Well, to me your attempt is as intuitive as it gets. Just a remark: you assumed that $m\neq n$ to conclude that $x$ can't be in the column space or left null space, which a priori is not given (at least, it wasn't stated in the question). But this is ok, since, if $m=n$ and $A$ has independent columns, $A$ would be an invertible square matrix, and $A^TAx=A^Tb\implies Ax=b$, but, since $b$ is assumed not to be in the column space of $A$, this case doesn't happen.

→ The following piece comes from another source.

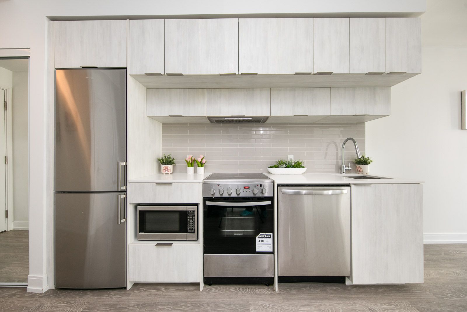 • Modern kitchen featuring stainless appliances and quartz countertops.

Maybe what you're asking for is a more explicit explanation? If so, Let $A=\begin{bmatrix}L_1 \\ \vdots\\ L_m\end{bmatrix}$, where $L_i$ is the $i$-th line, a $1\times n$ vector. If $b=\begin{bmatrix} b_1 \\ \vdots\\ b_m\end{bmatrix}$, we have that
\begin{align*} A^TAx=A^Tb&\implies \begin{bmatrix} L_1 & \cdots & L_m\end{bmatrix}\begin{bmatrix}L_1 \\ \vdots\\ L_m\end{bmatrix}\textbf{x}=\begin{bmatrix} L_1 & \cdots & L_m\end{bmatrix}\begin{bmatrix} b_1 \\ \vdots\\ b_m\end{bmatrix}\\ &\implies(L_1\cdot L_1+\dots+L_n\cdot L_n)\textbf{x}=b_1L_1+\dots+b_mL_m\\ &\implies\textbf{x}=\dfrac{1}{L_1\cdot L_1+\dots+L_n\cdot L_n}(b_1L_1+\dots+b_mL_m) \end{align*}
So $\textbf{x}$ is indeed in the row space of $A$ (notice that the denominator of the fraction is clearly non-zero).